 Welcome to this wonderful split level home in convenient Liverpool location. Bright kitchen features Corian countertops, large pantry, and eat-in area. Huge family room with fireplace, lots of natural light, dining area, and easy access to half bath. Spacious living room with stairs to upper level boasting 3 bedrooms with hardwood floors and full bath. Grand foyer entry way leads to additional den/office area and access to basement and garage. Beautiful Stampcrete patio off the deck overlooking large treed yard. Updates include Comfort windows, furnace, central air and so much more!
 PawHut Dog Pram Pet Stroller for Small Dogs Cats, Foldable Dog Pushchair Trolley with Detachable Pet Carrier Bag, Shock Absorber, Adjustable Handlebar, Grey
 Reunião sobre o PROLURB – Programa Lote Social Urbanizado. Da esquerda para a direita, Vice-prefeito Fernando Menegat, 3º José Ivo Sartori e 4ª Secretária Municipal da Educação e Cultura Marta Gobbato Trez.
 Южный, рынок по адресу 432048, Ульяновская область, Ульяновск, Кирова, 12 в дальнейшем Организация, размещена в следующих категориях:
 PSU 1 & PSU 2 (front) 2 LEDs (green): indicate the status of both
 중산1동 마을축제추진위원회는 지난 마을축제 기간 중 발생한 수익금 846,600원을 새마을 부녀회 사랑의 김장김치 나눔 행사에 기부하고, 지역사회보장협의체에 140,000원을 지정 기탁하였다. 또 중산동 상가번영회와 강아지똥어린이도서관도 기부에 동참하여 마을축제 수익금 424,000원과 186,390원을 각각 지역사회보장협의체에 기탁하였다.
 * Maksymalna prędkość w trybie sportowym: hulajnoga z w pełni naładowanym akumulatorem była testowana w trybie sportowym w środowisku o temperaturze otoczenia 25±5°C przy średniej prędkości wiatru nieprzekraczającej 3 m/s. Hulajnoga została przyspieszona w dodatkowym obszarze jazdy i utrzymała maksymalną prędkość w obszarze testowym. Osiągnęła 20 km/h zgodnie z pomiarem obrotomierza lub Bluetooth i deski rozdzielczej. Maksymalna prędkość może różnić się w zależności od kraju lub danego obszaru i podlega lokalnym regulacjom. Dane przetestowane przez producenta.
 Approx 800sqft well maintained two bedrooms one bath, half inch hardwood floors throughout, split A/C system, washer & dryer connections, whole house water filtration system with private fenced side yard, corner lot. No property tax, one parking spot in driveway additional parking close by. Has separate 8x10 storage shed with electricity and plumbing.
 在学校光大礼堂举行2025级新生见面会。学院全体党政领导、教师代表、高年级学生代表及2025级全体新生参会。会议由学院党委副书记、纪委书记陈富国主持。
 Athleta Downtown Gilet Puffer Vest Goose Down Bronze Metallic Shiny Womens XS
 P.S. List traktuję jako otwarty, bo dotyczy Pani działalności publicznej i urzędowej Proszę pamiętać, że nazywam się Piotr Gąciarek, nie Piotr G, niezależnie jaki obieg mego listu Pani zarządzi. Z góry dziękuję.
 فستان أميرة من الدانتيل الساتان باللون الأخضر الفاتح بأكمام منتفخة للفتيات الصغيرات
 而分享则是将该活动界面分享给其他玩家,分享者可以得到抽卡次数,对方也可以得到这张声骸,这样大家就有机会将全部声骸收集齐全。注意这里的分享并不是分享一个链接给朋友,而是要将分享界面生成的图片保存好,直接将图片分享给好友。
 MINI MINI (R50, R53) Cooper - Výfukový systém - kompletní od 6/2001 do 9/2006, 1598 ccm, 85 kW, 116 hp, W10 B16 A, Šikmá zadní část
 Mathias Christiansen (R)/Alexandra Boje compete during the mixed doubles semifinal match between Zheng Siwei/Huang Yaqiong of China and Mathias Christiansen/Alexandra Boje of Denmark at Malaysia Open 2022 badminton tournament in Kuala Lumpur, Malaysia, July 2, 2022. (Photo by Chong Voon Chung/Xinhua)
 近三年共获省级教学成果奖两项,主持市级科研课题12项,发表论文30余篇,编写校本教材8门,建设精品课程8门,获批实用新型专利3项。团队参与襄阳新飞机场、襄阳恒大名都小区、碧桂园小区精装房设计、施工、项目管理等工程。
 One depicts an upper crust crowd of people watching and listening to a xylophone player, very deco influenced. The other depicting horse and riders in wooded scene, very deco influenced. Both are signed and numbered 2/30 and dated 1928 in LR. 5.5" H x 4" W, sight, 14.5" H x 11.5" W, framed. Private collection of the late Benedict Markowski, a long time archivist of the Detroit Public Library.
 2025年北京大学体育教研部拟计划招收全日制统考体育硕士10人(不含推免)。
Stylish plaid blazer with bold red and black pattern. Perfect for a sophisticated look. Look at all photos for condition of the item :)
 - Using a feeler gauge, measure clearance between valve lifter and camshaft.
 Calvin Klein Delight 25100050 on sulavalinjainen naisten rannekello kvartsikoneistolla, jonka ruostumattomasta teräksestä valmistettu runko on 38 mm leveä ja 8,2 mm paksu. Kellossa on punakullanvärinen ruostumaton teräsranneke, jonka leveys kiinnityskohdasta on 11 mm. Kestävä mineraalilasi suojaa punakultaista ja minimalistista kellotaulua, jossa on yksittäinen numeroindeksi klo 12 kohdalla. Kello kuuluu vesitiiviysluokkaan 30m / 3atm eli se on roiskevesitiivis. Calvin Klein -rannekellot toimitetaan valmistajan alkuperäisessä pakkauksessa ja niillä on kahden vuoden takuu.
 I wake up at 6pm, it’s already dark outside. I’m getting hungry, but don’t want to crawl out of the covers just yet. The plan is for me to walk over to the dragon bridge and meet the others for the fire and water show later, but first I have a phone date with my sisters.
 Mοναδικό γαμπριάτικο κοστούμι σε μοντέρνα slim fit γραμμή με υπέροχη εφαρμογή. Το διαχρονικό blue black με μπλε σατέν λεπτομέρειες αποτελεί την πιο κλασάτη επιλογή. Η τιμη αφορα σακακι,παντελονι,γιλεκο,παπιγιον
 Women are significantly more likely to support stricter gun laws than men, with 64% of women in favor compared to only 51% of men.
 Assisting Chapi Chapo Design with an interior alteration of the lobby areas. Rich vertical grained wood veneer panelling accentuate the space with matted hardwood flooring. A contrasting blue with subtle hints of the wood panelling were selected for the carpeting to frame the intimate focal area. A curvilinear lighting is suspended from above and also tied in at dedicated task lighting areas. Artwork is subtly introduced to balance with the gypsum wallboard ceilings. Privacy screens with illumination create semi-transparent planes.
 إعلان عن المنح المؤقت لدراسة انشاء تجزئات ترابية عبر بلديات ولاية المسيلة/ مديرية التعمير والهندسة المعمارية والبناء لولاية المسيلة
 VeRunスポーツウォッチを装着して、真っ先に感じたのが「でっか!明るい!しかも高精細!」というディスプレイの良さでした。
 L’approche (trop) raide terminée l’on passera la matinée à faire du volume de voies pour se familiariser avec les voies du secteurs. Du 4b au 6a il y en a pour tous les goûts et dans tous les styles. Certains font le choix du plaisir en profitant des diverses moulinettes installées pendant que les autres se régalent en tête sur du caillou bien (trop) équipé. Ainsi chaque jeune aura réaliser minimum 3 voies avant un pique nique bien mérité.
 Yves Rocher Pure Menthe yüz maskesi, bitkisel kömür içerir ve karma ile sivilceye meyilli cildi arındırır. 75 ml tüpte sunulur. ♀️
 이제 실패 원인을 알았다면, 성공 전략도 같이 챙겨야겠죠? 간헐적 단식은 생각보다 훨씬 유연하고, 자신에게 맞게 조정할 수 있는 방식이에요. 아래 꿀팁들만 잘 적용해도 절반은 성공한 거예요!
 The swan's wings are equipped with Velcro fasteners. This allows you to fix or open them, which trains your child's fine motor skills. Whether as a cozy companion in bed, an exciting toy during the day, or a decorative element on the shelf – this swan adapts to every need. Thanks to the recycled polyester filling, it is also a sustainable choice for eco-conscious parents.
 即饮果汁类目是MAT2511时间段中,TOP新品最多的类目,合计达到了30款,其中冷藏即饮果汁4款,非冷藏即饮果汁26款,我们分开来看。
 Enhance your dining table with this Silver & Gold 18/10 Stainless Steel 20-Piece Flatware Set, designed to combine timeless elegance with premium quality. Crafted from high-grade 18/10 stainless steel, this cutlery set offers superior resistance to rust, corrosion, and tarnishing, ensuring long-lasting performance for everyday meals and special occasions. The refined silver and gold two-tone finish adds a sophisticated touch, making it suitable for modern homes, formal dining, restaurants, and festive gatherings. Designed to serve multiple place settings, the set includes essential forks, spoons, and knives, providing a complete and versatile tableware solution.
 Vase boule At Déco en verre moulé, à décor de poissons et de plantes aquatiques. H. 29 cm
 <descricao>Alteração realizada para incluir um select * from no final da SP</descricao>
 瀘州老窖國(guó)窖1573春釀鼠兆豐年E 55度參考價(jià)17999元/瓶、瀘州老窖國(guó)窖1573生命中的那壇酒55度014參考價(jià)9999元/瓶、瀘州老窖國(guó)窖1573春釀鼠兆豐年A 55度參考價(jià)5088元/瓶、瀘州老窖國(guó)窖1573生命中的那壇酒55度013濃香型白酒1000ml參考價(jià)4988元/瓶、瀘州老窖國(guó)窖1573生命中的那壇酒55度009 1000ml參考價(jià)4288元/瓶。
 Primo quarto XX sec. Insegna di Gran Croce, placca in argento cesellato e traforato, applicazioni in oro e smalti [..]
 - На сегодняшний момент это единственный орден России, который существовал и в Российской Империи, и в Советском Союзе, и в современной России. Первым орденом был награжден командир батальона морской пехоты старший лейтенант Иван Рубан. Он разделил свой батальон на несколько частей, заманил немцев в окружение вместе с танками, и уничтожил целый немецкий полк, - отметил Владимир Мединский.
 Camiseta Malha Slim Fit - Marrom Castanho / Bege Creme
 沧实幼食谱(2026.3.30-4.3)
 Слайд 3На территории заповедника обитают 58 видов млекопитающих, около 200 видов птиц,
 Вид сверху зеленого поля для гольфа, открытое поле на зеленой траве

Work request: Without changing anything, quote the lines from the top of the data to the line that contains "PSU 1 & PSU", including that line.

Written response:
 Welcome to this wonderful split level home in convenient Liverpool location. Bright kitchen features Corian countertops, large pantry, and eat-in area. Huge family room with fireplace, lots of natural light, dining area, and easy access to half bath. Spacious living room with stairs to upper level boasting 3 bedrooms with hardwood floors and full bath. Grand foyer entry way leads to additional den/office area and access to basement and garage. Beautiful Stampcrete patio off the deck overlooking large treed yard. Updates include Comfort windows, furnace, central air and so much more!
 PawHut Dog Pram Pet Stroller for Small Dogs Cats, Foldable Dog Pushchair Trolley with Detachable Pet Carrier Bag, Shock Absorber, Adjustable Handlebar, Grey
 Reunião sobre o PROLURB – Programa Lote Social Urbanizado. Da esquerda para a direita, Vice-prefeito Fernando Menegat, 3º José Ivo Sartori e 4ª Secretária Municipal da Educação e Cultura Marta Gobbato Trez.
 Южный, рынок по адресу 432048, Ульяновская область, Ульяновск, Кирова, 12 в дальнейшем Организация, размещена в следующих категориях:
 PSU 1 & PSU 2 (front) 2 LEDs (green): indicate the status of both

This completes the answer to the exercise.